Начался дождик, пока слабый. Я встал да и побрел к вокзалу. Болоньевый плащ не грел совершенно, недолго и замерзнуть.

Отчего бы мне не погулять? Не поразвлечься? А то жизнь моя пустая и серая. Несмотря на интереснейший её период. Это я днями в «Комсомолке» прочитал дискуссионный материал о новом явлении нашего времени. Дети обеспеченных и влиятельных родителей живут на всём готовеньком, но живут скучно, уныло, всей радости – похвастаться импортными обновками, сходить на вечеринку или в ресторан, убивая время среди себе подобных. А комсомольской работой занимаются нехотя и формально. Как их вернуть на правильный путь?

Положим, я такой, да не такой, начал оправдываться я. Живу на свои, дедушкины деньги тратить нужды нет. Оперу написал. В самодеятельности участвую. Учусь. Завтра вот новый шахматный турнир начнется, на первенство клуба, Антон настоял. Нельзя, говорит, зарывать талант в землю. А почему нельзя, может, в земле он прорастет подобно злачному зерну, и даст прекрасный урожай? Уже дал, ответил Антон. Он утверждает, что я играю очень сильно. Почти как мастер. Или около того. Мой перерыв и был помещением таланта в благодатную почву, и потому он, урожай, должен быть собран до последнего колоска.

Гулянка не задалась. Даже мороженого не поел: у мороженщиц тоже праздник, кафешки закрыты, и вообще… холодно.

И в электричке было холодно и неуютно. Или это я разнежился, обуржуазился и переродился? К хорошему привыкаешь, а надо бы привыкать к плохому. Но не хочется. Хочется верить, что будущее окажется не хуже настоящего. Пожалуйста!

Сойдя с электрички, я внимательно осмотрел и доску объявлений, и столбы. Милицейские предупреждения исчезли. Взяли мразь? Шевалицника? Или кого другого? В газетах, как водится, ни слова, я нарочно смотрел, но и почтальон наш ничего не сказал, а будь стрельба в Сосновке, он бы непременно знал. Или взяли без стрельбы? Или это был кто-то другой?

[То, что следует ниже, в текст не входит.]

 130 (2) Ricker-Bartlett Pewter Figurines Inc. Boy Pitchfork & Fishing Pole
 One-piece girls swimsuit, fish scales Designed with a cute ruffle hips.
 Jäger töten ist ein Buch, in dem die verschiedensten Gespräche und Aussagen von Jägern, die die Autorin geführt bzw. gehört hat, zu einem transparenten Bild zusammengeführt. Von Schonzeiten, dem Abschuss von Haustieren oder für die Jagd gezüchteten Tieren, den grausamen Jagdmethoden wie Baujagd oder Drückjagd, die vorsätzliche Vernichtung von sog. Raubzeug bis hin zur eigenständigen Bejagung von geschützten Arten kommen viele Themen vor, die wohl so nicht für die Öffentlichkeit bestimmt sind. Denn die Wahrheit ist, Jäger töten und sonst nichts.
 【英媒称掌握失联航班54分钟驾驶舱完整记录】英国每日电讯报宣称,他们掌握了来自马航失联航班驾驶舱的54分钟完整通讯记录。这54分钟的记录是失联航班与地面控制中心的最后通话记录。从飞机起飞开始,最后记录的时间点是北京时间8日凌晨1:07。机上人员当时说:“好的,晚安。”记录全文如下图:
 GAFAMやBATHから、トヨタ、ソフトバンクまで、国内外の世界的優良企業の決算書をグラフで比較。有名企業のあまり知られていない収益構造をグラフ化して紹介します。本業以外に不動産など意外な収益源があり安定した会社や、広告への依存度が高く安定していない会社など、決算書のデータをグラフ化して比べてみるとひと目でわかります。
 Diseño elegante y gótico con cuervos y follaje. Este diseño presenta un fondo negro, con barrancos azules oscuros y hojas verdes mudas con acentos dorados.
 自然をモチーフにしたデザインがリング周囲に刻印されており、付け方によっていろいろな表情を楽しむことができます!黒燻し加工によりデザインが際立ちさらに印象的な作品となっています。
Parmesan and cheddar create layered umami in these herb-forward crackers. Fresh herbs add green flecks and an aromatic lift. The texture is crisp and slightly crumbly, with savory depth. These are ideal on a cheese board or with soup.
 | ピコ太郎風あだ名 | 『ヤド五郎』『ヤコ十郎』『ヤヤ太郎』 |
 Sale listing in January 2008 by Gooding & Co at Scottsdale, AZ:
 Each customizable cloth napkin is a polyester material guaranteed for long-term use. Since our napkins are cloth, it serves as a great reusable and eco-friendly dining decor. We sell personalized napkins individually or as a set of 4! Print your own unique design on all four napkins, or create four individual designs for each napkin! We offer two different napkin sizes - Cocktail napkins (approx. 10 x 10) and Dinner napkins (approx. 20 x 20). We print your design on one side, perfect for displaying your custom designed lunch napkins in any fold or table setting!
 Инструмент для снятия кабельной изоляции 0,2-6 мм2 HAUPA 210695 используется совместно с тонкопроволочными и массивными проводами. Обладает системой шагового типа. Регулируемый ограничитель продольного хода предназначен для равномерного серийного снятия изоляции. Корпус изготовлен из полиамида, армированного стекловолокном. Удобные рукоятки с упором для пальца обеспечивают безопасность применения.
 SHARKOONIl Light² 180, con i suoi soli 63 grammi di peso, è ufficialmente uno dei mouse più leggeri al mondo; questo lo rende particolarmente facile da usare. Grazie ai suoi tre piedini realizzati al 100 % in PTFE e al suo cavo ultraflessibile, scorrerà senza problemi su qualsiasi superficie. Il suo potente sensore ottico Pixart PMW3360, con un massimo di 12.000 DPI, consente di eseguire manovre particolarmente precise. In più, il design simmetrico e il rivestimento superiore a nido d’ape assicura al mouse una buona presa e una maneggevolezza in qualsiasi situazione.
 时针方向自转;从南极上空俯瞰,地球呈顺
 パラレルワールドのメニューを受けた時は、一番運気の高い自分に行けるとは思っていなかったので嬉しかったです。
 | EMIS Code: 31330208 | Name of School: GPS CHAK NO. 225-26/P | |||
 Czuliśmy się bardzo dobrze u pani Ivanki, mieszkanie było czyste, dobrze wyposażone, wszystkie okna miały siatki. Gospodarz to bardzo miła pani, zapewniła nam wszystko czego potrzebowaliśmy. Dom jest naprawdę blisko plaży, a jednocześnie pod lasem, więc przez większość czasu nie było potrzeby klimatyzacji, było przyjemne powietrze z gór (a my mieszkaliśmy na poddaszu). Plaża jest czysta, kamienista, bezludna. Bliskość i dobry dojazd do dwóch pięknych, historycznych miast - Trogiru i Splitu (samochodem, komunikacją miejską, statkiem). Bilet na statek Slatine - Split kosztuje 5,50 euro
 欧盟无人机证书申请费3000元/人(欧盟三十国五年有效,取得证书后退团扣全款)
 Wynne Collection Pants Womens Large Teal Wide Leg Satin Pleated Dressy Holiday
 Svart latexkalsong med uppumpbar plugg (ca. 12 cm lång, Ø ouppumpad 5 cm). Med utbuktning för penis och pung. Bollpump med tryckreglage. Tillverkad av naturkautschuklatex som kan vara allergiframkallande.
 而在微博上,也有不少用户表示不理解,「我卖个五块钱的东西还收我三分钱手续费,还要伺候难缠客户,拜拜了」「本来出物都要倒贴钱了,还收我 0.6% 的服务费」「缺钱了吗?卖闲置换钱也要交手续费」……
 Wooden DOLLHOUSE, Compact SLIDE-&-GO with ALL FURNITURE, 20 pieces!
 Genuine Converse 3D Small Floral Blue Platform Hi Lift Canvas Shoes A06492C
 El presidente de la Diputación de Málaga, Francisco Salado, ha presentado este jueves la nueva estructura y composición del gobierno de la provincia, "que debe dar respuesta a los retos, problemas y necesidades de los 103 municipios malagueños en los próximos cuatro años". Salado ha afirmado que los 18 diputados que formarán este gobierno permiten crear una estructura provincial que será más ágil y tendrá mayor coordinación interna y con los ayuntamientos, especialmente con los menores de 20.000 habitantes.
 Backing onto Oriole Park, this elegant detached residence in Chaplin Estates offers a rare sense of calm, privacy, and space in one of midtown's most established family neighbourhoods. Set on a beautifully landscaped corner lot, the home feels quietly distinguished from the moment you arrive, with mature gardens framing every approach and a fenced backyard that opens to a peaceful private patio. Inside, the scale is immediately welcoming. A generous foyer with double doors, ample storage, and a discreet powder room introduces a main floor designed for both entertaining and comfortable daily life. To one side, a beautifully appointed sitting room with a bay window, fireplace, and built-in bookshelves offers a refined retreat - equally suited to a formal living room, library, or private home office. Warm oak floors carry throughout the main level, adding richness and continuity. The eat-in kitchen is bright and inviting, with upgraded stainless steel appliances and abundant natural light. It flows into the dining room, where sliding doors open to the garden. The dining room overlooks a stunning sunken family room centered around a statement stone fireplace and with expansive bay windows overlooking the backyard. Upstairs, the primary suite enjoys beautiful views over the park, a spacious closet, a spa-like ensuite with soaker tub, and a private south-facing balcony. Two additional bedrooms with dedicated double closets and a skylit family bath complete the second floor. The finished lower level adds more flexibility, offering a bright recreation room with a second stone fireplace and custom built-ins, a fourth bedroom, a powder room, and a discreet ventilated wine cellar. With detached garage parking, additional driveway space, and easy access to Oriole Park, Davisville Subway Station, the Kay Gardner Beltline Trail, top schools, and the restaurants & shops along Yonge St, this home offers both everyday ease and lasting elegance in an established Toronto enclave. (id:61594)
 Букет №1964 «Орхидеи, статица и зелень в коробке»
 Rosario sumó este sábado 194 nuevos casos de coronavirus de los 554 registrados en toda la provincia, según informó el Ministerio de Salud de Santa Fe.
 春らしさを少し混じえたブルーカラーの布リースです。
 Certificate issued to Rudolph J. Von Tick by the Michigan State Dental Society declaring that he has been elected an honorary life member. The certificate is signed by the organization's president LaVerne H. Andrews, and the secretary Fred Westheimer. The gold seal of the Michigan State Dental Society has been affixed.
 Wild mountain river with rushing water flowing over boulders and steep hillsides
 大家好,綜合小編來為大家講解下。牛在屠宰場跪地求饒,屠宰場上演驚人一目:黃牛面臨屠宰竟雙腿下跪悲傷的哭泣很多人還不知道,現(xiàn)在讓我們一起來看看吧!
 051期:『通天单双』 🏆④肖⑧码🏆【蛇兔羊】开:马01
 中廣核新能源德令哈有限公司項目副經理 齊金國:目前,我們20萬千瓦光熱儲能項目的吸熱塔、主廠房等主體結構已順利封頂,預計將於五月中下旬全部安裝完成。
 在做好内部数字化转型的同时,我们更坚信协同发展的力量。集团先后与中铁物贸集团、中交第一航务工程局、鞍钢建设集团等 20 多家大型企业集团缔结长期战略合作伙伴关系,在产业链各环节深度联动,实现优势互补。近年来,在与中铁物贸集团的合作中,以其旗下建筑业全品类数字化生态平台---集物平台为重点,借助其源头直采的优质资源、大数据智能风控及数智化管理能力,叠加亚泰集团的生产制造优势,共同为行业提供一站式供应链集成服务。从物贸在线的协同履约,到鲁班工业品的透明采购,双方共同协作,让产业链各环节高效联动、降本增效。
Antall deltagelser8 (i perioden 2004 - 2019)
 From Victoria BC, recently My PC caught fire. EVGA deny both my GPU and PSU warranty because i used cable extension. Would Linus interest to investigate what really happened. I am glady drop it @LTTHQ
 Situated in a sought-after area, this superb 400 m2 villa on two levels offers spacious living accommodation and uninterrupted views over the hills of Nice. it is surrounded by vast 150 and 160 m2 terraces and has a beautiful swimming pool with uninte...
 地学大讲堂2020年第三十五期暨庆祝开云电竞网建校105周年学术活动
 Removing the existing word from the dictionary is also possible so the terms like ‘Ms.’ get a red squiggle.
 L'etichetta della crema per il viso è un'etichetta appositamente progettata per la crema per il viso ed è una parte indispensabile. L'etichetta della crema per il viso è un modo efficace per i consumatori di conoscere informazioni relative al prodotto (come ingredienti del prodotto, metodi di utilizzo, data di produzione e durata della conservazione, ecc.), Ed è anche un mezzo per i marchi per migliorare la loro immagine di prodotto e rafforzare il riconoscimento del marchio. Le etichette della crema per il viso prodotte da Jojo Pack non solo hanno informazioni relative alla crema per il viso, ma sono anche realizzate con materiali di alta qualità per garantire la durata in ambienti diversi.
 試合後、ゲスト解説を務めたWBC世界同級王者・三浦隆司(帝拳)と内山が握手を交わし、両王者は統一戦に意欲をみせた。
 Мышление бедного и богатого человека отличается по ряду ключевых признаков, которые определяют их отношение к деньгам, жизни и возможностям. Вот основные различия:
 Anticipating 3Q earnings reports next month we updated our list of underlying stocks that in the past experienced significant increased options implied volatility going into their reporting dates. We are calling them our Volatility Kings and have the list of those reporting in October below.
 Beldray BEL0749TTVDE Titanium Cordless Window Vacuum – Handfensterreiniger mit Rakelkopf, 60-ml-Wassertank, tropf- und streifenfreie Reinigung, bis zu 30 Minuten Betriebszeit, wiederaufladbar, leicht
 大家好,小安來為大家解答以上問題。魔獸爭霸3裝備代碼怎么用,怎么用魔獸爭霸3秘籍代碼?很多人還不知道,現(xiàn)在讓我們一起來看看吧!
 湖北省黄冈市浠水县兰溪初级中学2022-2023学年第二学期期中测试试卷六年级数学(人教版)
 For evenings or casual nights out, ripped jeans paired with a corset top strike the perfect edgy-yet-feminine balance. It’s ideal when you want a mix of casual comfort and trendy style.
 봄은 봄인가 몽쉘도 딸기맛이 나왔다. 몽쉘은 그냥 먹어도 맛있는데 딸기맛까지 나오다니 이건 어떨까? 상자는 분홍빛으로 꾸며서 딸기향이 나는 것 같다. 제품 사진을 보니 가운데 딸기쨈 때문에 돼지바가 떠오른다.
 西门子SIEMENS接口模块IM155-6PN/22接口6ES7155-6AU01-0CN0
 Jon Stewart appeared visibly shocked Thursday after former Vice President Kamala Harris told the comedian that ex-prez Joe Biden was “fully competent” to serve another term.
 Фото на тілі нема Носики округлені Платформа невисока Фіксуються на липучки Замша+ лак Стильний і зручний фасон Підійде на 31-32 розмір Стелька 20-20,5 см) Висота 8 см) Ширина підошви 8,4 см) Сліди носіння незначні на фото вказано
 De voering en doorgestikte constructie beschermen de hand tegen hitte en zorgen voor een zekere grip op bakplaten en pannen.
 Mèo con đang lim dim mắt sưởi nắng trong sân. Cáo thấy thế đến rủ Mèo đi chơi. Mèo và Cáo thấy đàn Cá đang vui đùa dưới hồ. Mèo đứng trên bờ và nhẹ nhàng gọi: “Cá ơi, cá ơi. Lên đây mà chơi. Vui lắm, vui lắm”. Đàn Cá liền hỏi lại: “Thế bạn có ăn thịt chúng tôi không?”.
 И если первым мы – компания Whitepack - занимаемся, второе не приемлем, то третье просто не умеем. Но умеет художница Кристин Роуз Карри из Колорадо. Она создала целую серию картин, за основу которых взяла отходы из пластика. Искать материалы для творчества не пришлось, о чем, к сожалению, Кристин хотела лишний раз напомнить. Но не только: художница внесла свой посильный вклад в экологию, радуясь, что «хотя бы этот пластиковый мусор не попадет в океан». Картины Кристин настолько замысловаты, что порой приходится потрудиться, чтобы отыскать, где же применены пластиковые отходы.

Домой я добрался уже продрогшим, и решил согреться Чаем с мёдом. По дедушкиному рецепту.

На втором стакане в дверь позвонили. Нежданно. Оля и Надя в городе, а больше ко мне никто не ходит, разве почтальон. Но сегодня почта не работает, праздник.

Оказалось – бывшая дедушкина домработница.

– Заходите, Вера Борисовна. Какими судьбами, вы же в Кострому отъехали.

– Как отъехала, так и приехала, Мишенька. Не сложилось у меня там. У дочки семья, я им только стеснение и докука. Хорошо, что домик не продала, мне Иван Петрович говорил, не торопись, будет куда возвратиться, а продать всегда успеешь. Знал твой дедушка. Мудрый был человек.

– Чай будете? Я как раз чай заварил.

– Нет, спасибо. Я по делу пришла.

Дело у Веры Борисовны было простое: хотела вернуться на прежнее место. Домработницей.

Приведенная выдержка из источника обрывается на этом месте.